(EXERCISE BRIEF): Drop every picture, then repeat the records exactly.
*-*-*
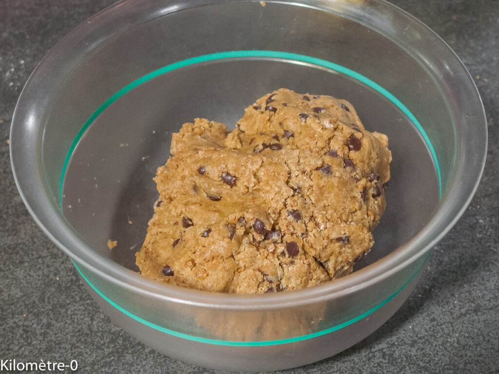 Mélangez la farine, les spéculoos mixés et les pépites de chocolat.
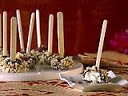 When the gelato balls have frozen with their sticks in place, place the chocolate in a double-boiler over very gently simmering water until melted. Next to the pot of chocolate, place the toasted, chopped hazelnuts in a shallow bowl.
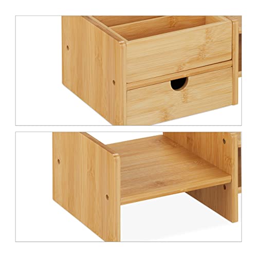 Relaxdays - ريلاكس دايز حامل شاشة بامبو درج و5 مساحات تخزين ارتفاع × عرض عمق: 13 70 19 سم مكتبي طبيعي 90% خيزران 10% لوح ليفي
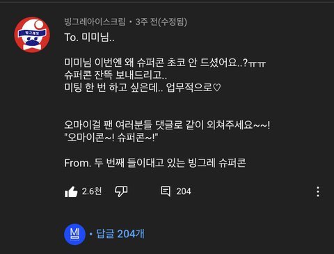는 바로 슈퍼콘 광고 ㅋㅋㅋㅋㅋ 밈피디가 쏘아 올린 공 ㅋㅋㅋㅋ 밑에 사진은 밈피디에게 들이대는 빙그레...^^ 참고로 유아도 체리마루 광고모델 됨^^ ㅊㅊ
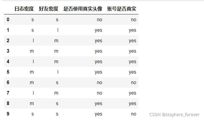 '账号是否真实': ['no','yes','yes','yes','yes','yes','no','yes','yes','no']})
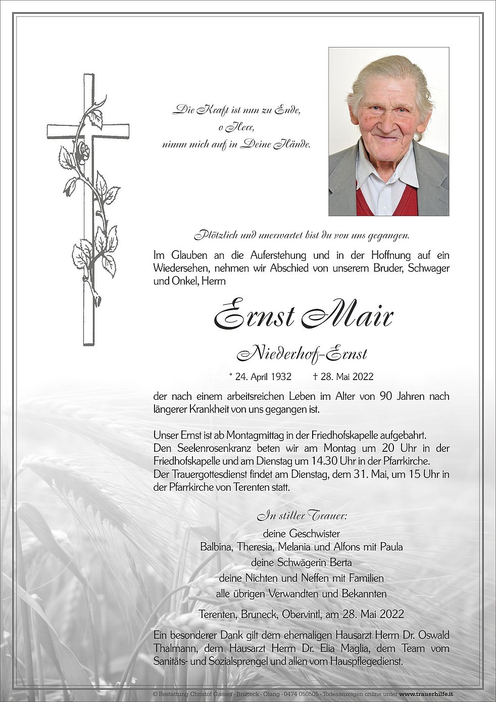 Der Trauergottesdienst findet am Dienstag, dem 31. Mai, um 15 Uhr in der Pfarrkirche von Terenten statt.
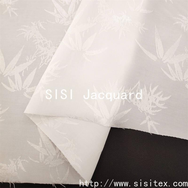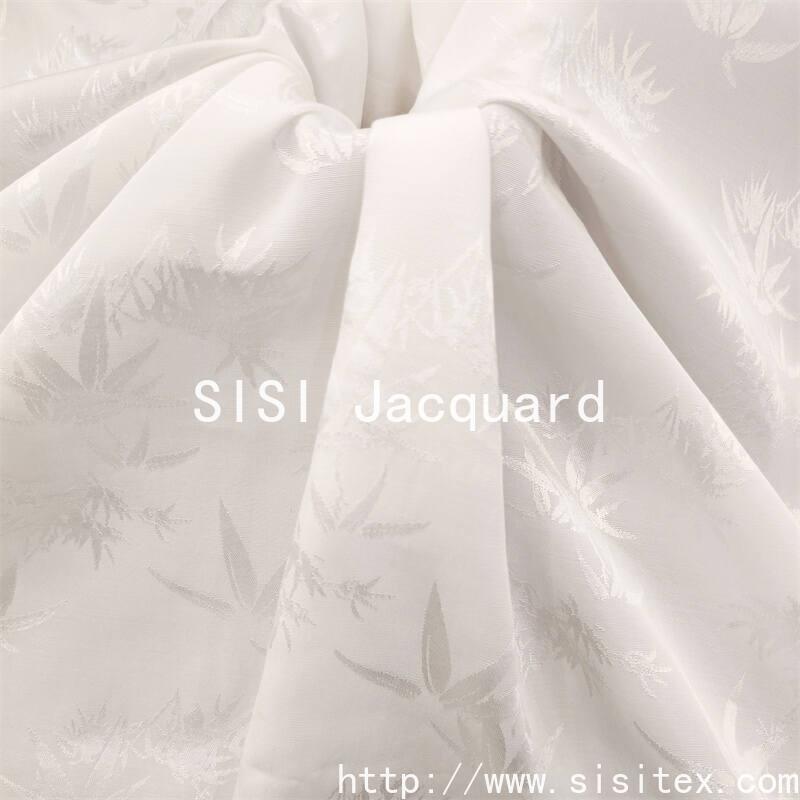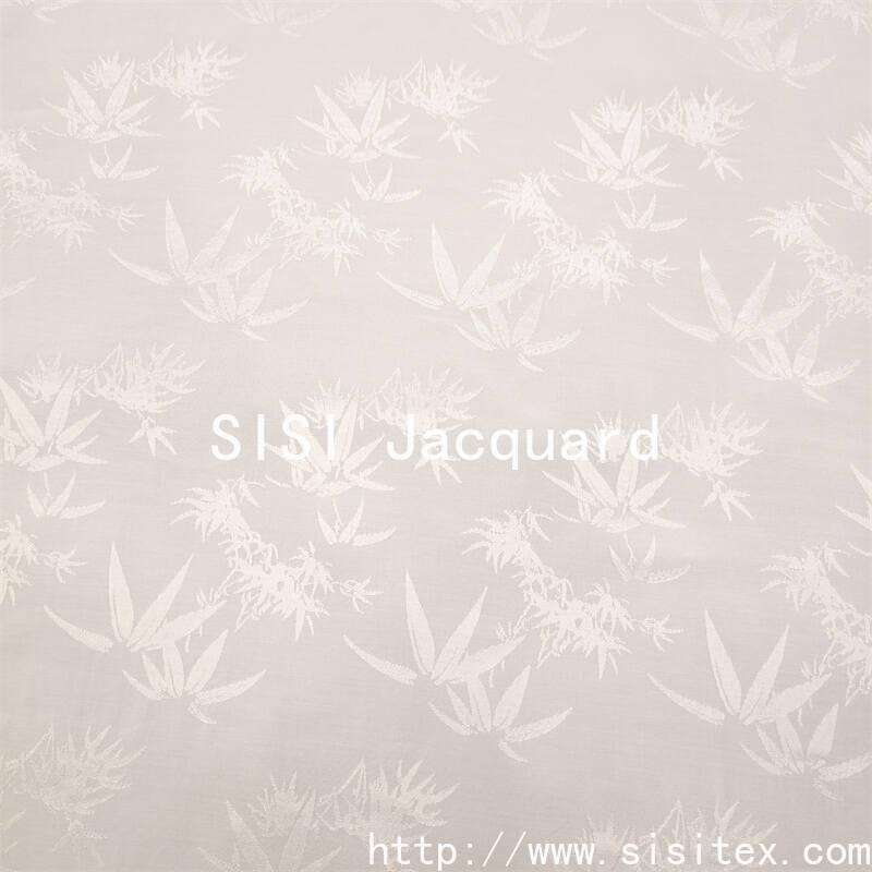 SIS Rayon Rayon cotton bamboo leaf jacquard fabric, with 44% rayon cotton and 56% rayon silk scientific ratio, combined with traditional jacquard technology and Oriental aesthetic inspiration, weaving fresh and elegant bamboo leaf texture. The fabric integrates the lustrous luster of rayon and the drapiness of rayon, as well as the moisture absorption characteristics of rayon, and feels soft and delicate, light and elegant. The bamboo jacquard pattern is scattered and the details are three-dimensional, which not only conveys the elegance and integrity of bamboo culture, but also gives the smart atmosphere of modern fashion to the fabric.
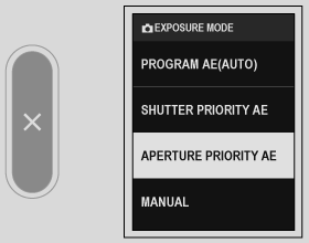 2. Use A[SHOOTING SETTING] >  x[EXPOSURE MODE] or B[MOVIE SETTING] >  F[EXPOSURE MODE] to select a shooting mode.
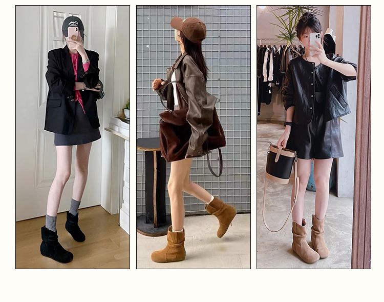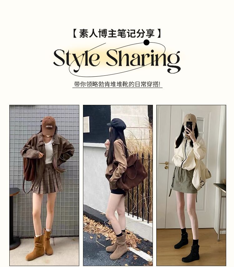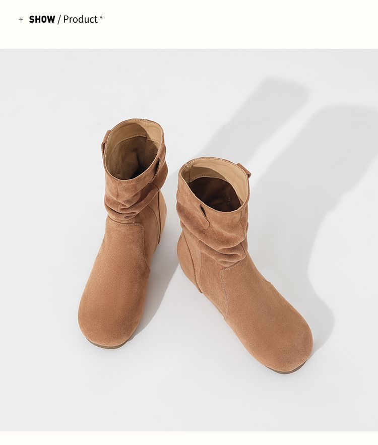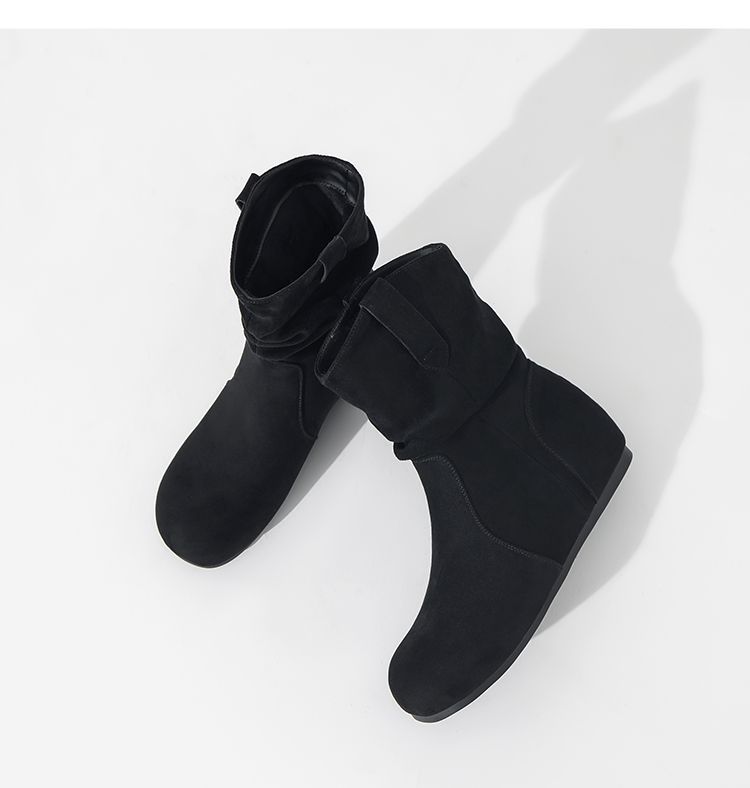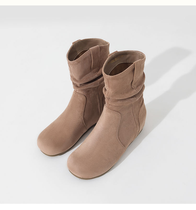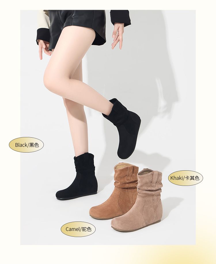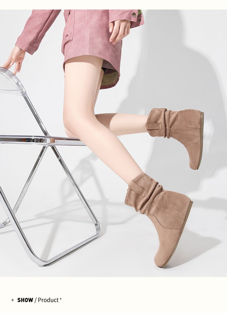 ZHR则则复古堆堆靴女2024新款内增高洋气小短靴加绒时尚绒面女靴
*-*-*
(RESPONSE BELOW):
 Mélangez la farine, les spéculoos mixés et les pépites de chocolat.
 When the gelato balls have frozen with their sticks in place, place the chocolate in a double-boiler over very gently simmering water until melted. Next to the pot of chocolate, place the toasted, chopped hazelnuts in a shallow bowl.
 Relaxdays - ريلاكس دايز حامل شاشة بامبو درج و5 مساحات تخزين ارتفاع × عرض عمق: 13 70 19 سم مكتبي طبيعي 90% خيزران 10% لوح ليفي
는 바로 슈퍼콘 광고 ㅋㅋㅋㅋㅋ 밈피디가 쏘아 올린 공 ㅋㅋㅋㅋ 밑에 사진은 밈피디에게 들이대는 빙그레...^^ 참고로 유아도 체리마루 광고모델 됨^^ ㅊㅊ
 '账号是否真实': ['no','yes','yes','yes','yes','yes','no','yes','yes','no']})
 Der Trauergottesdienst findet am Dienstag, dem 31. Mai, um 15 Uhr in der Pfarrkirche von Terenten statt.
 SIS Rayon Rayon cotton bamboo leaf jacquard fabric, with 44% rayon cotton and 56% rayon silk scientific ratio, combined with traditional jacquard technology and Oriental aesthetic inspiration, weaving fresh and elegant bamboo leaf texture. The fabric integrates the lustrous luster of rayon and the drapiness of rayon, as well as the moisture absorption characteristics of rayon, and feels soft and delicate, light and elegant. The bamboo jacquard pattern is scattered and the details are three-dimensional, which not only conveys the elegance and integrity of bamboo culture, but also gives the smart atmosphere of modern fashion to the fabric.
 2. Use A[SHOOTING SETTING] >  x[EXPOSURE MODE] or B[MOVIE SETTING] >  F[EXPOSURE MODE] to select a shooting mode.
 ZHR则则复古堆堆靴女2024新款内增高洋气小短靴加绒时尚绒面女靴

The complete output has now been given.